Look through the data below for the line with "Associez le carton" and the line with "Proman Гибкий материал, анатомическая", then transcribe exactly from the first through the second, leaving out all pictures.

(Entries supplied):
/---

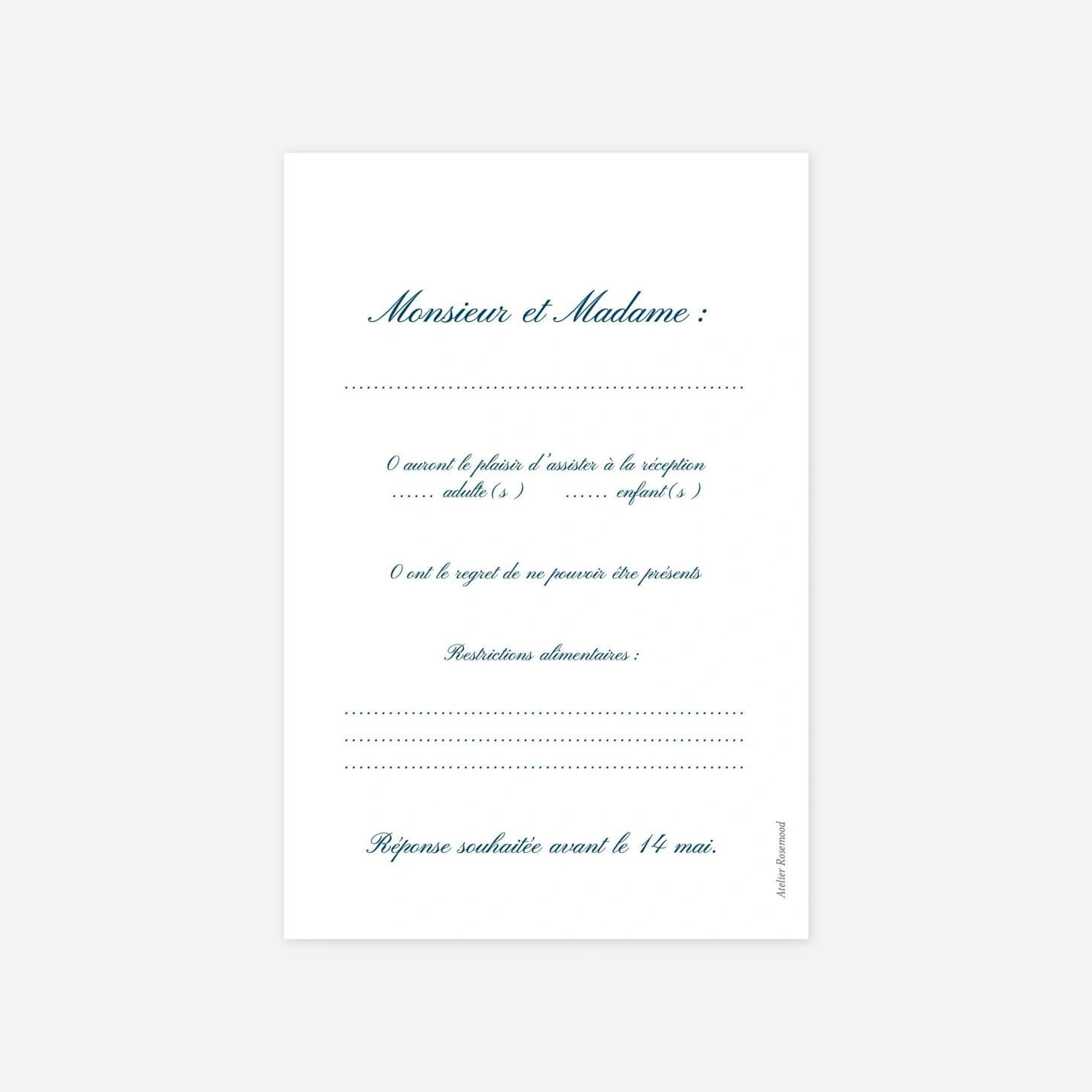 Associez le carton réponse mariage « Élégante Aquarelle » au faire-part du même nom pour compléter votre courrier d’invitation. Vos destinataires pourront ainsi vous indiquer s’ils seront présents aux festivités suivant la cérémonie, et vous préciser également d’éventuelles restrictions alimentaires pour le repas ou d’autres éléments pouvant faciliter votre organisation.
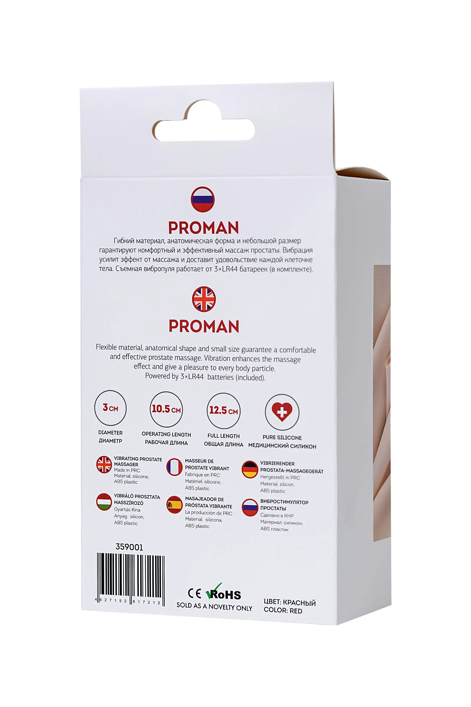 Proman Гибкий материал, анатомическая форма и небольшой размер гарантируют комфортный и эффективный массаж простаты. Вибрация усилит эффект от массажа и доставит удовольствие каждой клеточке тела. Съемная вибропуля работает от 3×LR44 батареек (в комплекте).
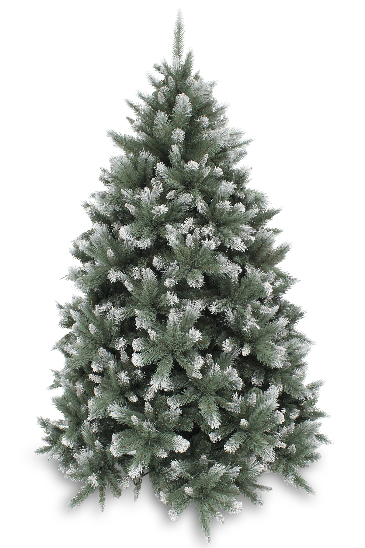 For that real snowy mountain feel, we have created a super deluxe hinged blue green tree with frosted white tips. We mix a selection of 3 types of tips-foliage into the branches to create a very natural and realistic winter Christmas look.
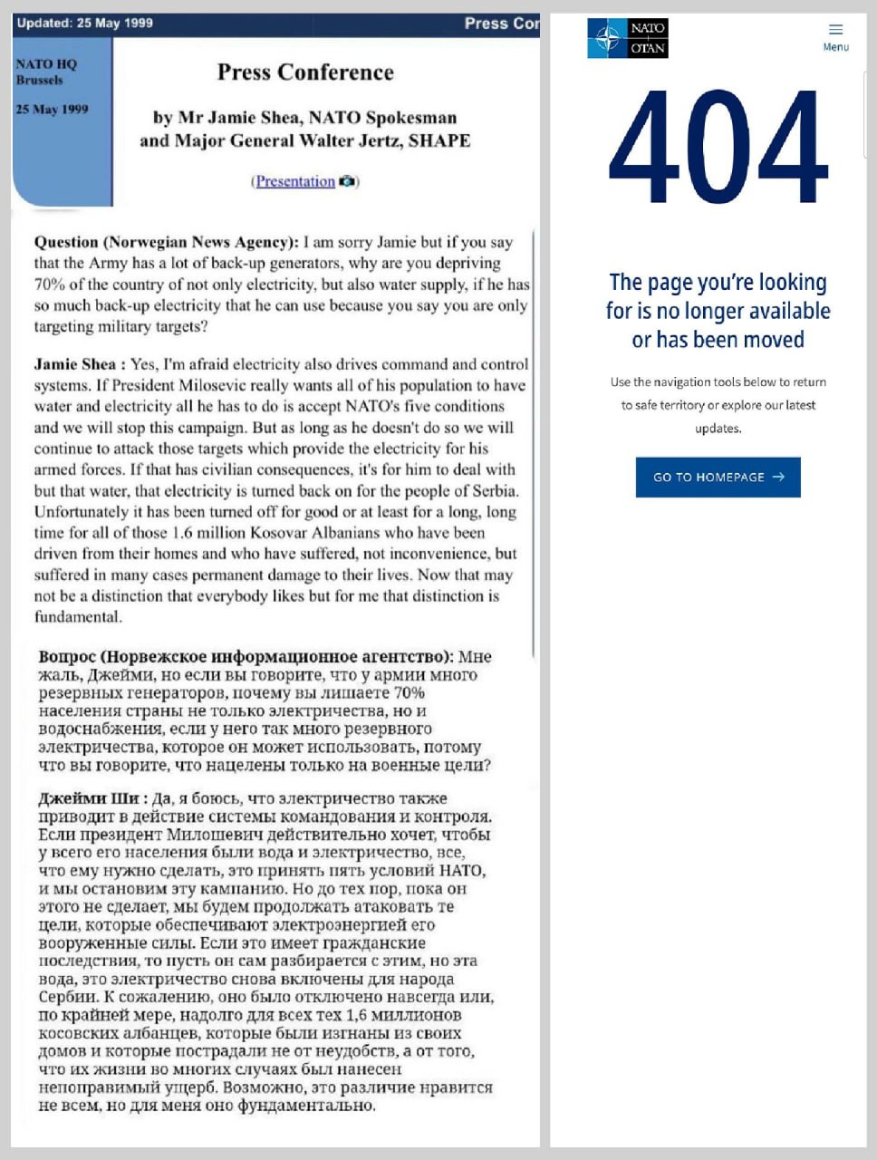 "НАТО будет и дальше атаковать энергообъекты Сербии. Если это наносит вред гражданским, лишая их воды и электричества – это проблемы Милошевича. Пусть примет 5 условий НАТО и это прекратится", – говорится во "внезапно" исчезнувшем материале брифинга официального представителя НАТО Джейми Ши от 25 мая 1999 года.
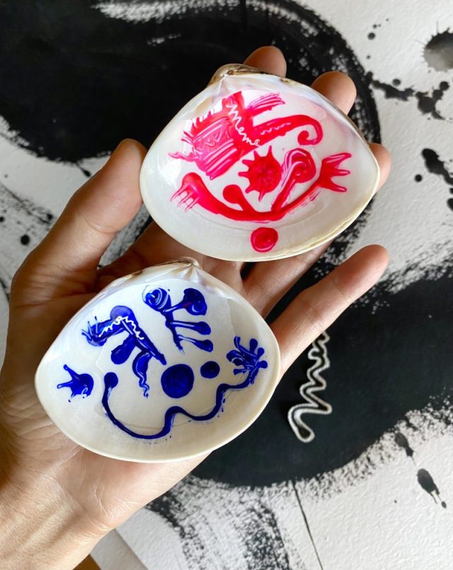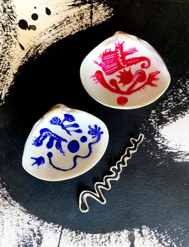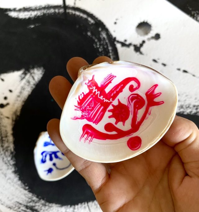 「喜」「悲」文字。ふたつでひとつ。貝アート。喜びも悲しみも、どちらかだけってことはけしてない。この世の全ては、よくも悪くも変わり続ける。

\---
/---

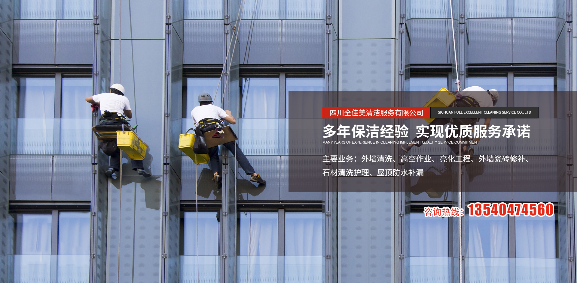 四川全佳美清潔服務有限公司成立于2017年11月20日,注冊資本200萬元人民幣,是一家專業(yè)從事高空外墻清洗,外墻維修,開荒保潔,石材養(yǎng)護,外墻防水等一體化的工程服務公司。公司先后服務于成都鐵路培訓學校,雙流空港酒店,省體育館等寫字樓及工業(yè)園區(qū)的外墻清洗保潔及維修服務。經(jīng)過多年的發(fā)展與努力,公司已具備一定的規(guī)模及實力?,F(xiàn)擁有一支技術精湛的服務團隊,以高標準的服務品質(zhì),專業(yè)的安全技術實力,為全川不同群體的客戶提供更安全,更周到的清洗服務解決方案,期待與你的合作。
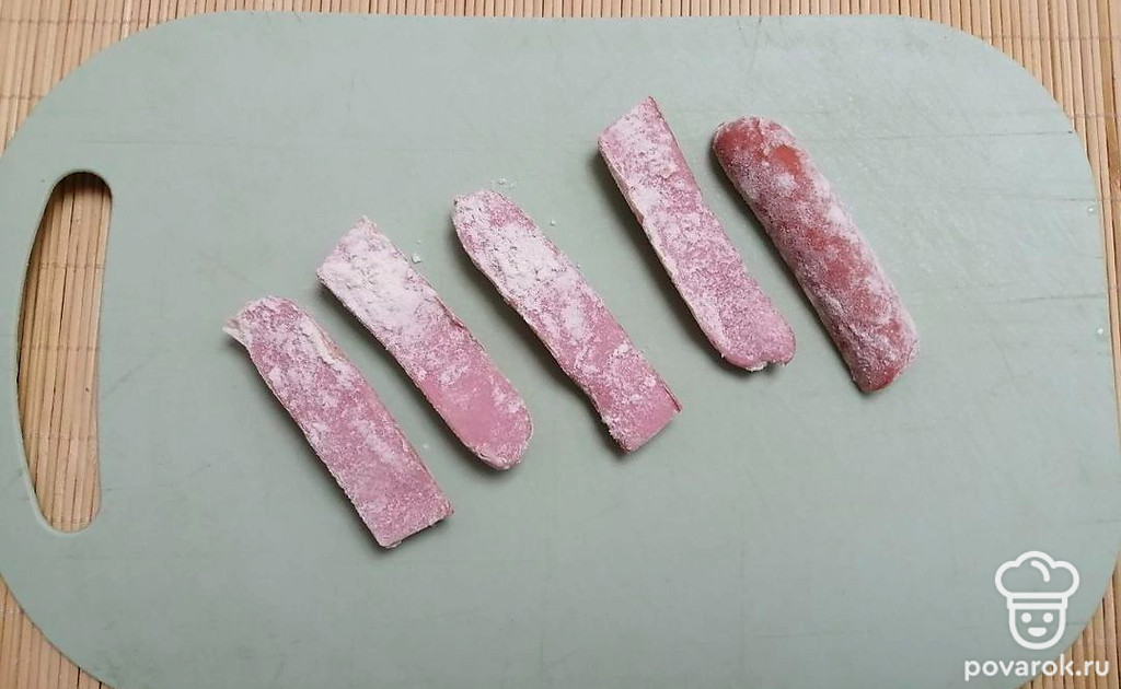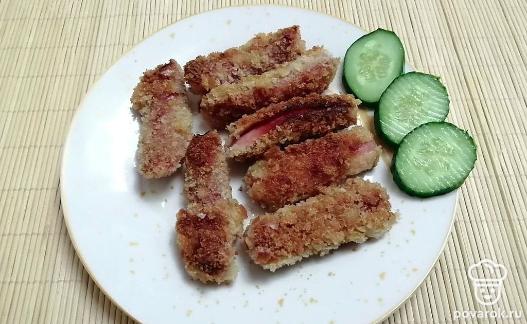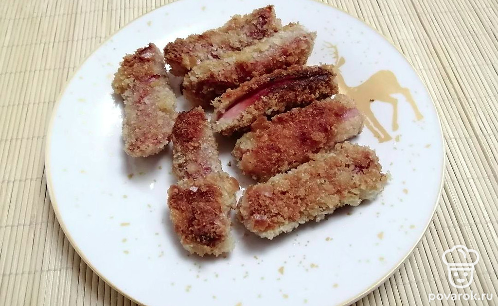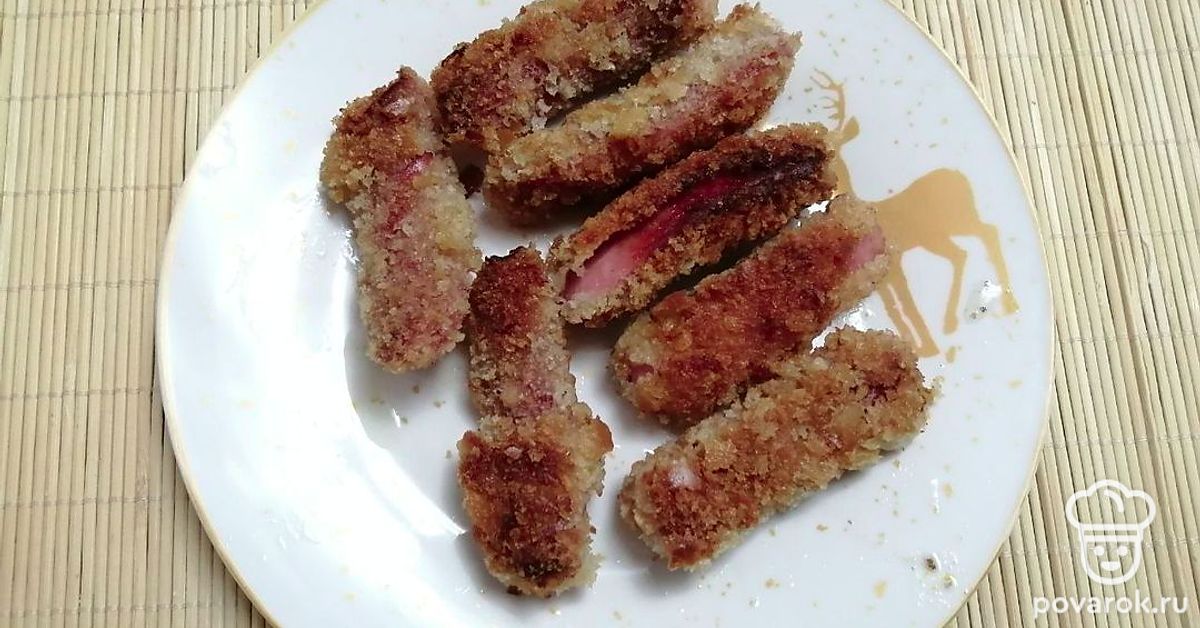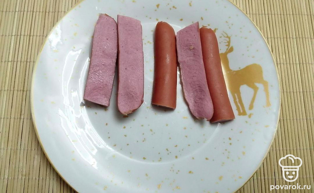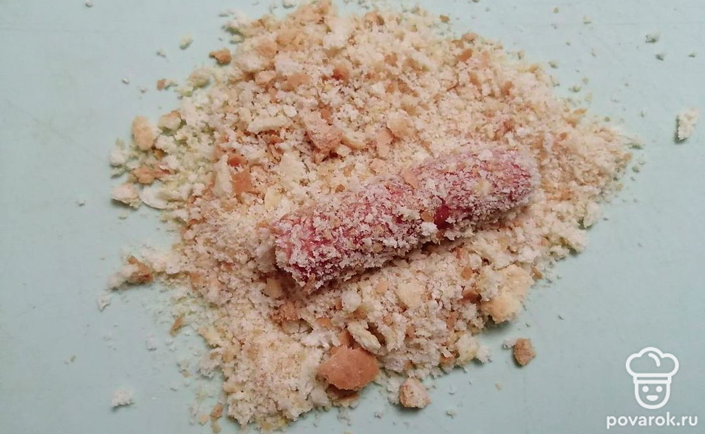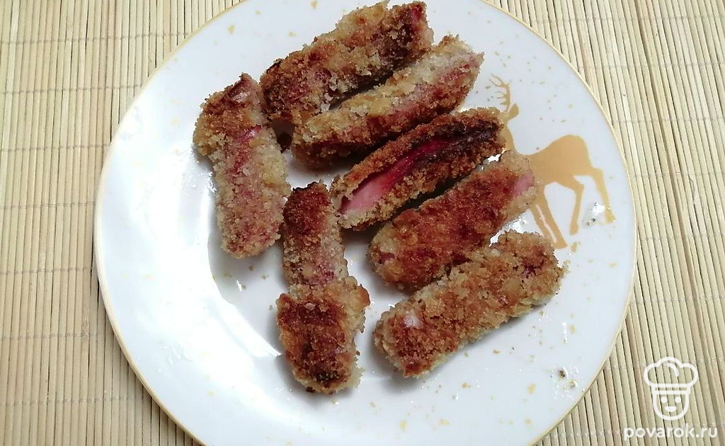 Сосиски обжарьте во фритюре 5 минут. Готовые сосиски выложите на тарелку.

\---

(Written response):
 Associez le carton réponse mariage « Élégante Aquarelle » au faire-part du même nom pour compléter votre courrier d’invitation. Vos destinataires pourront ainsi vous indiquer s’ils seront présents aux festivités suivant la cérémonie, et vous préciser également d’éventuelles restrictions alimentaires pour le repas ou d’autres éléments pouvant faciliter votre organisation.
 Proman Гибкий материал, анатомическая форма и небольшой размер гарантируют комфортный и эффективный массаж простаты. Вибрация усилит эффект от массажа и доставит удовольствие каждой клеточке тела. Съемная вибропуля работает от 3×LR44 батареек (в комплекте).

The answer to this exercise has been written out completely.